## Information shown
↓

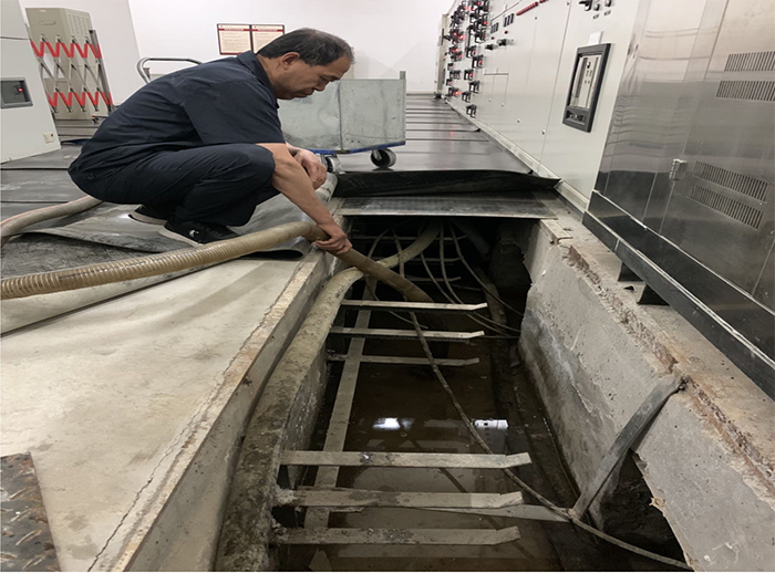 集團廣電后勤服務(wù)中心搶修電纜井積水
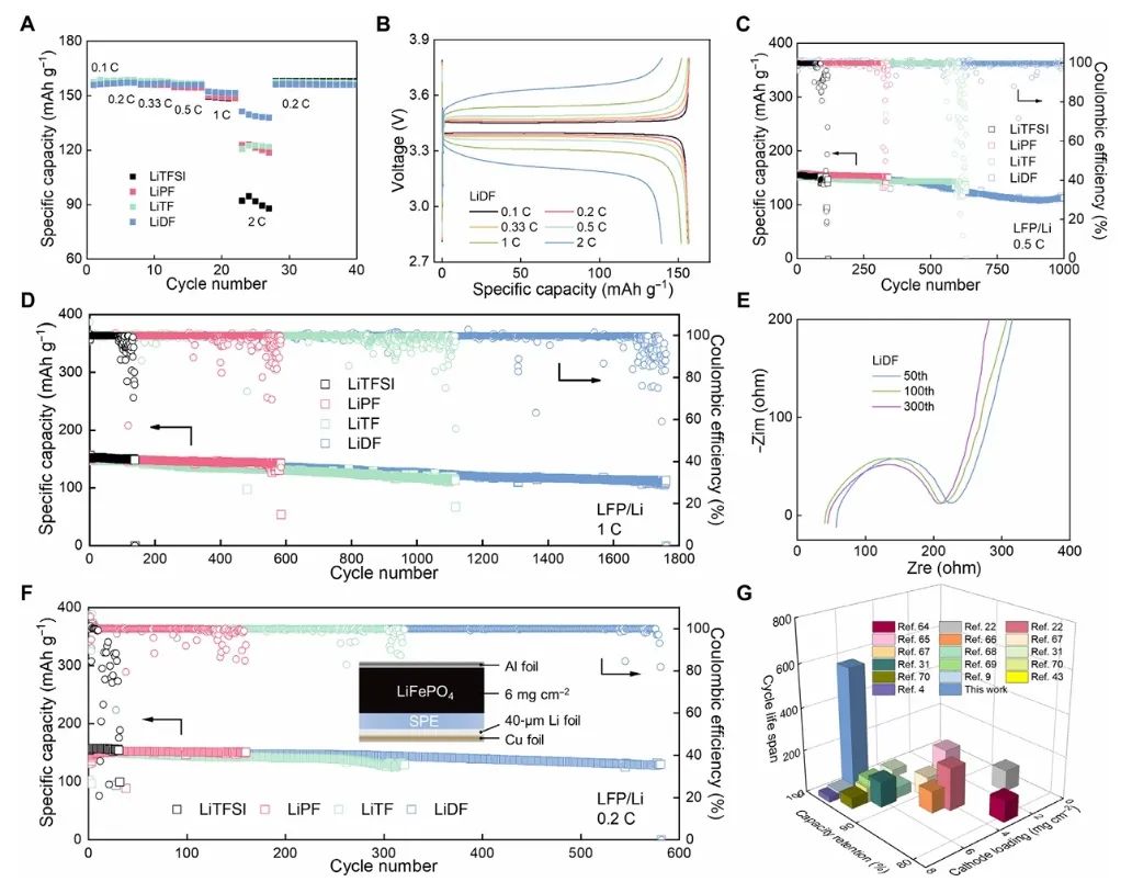 结果显示,使用最佳SFALS(即LiDF)的LiFePO₄/Li ASSLMBs展现出超过1650次循环的卓越长期稳定性,库仑效率为99.8%。使用高负载正极(6 mg cm⁻²)和薄Li箔(40 μm)的全电池实现了580次循环的记录寿命,容量保持率为97.4%。因此,SFALS为开发高性能全固态锂金属电池的功能性锂盐提供了一种方法。
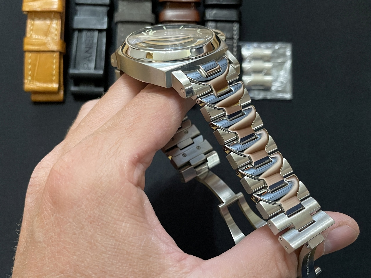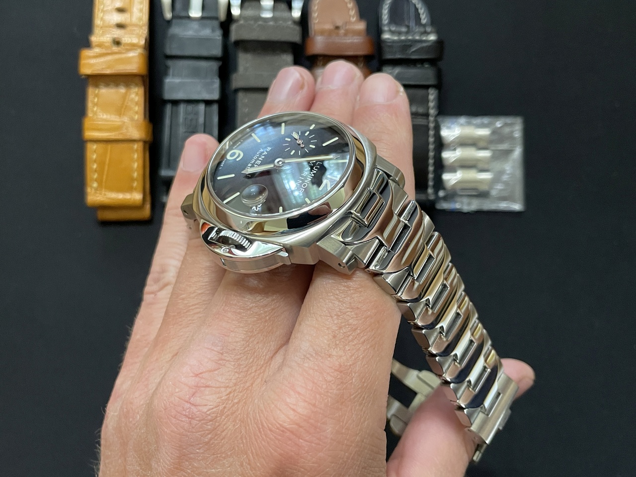 Одна из последних партий данной модели, серия J, год производства 2007. Редкие панераи на браслете в классическом корпусе Luminor, идеального размера - брутальные за счет браслета, комфортные для небольших запястий за счет диаметра 40 мм.

↑

Without the pictures, give every line above again exactly.

 集團廣電后勤服務(wù)中心搶修電纜井積水
 结果显示,使用最佳SFALS(即LiDF)的LiFePO₄/Li ASSLMBs展现出超过1650次循环的卓越长期稳定性,库仑效率为99.8%。使用高负载正极(6 mg cm⁻²)和薄Li箔(40 μm)的全电池实现了580次循环的记录寿命,容量保持率为97.4%。因此,SFALS为开发高性能全固态锂金属电池的功能性锂盐提供了一种方法。
 Одна из последних партий данной модели, серия J, год производства 2007. Редкие панераи на браслете в классическом корпусе Luminor, идеального размера - брутальные за счет браслета, комфортные для небольших запястий за счет диаметра 40 мм.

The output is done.